Software a medida
Si estás buscando software a medida, lo primero es no dejarte arrastrar por la demo más bonita. El software no se compra para llenar una pantalla. Se compra para quitar fricción, evitar errores y ganar control.
El problema de fondo es este: si tu empresa trabaja de una forma concreta, forzarla dentro de un programa estándar puede salir caro. Si eliges mal, pagas dos veces: una con dinero y otra con tiempo.
La decisión correcta
Esta guía te ayuda a saber cuándo compensa crear, adaptar o integrar software en lugar de pagar licencias que no resuelven el fondo. Sin tecnicismos innecesarios. Sin promesas de vendedor. Con criterios que puedes usar antes de pedir una demo o firmar un contrato.
Qué deberías revisar antes de elegir
- Procesos propios que no encajan en herramientas estándar.
- Datos duplicados entre programas que no se hablan.
- Costes recurrentes por usuarios, módulos o licencias infrautilizadas.
- Necesidad de automatizar tareas repetitivas.
- Dependencia de Excel, Access o programas antiguos sin evolución.
La regla KISS
No empieces preguntando qué software tiene más funciones.

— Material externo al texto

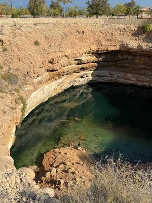 Místní říkají, že jde o kráter způsobený pádem meteoritu… Ve skutečnosti je Bimmah Sinkhole vodou naplněná prohlubeň (propadlina) ve vápenci, takový přírodní bázen, chcete-li. Představte si koupání v lomu, jen s tím rozdílem, že sladká voda se tu promíchává se slanou. A je tu ještě jeden, dost zásadní rozdíl - ta voda je průzračná, modro-zelená.

Pregunta qué proceso quieres resolver, quién lo va a usar y qué pasará si mañana necesitas cambiar, exportar o integrar los datos.
Un software bueno no es el que más hace. Es el que hace bien lo que tu empresa necesita cada día.
Cuándo pedir ayuda
Si el problema es sencillo, una solución estándar puede bastar. Si hay integraciones, programas antiguos, procesos propios o requisitos legales, conviene revisar el caso antes de comprar por impulso.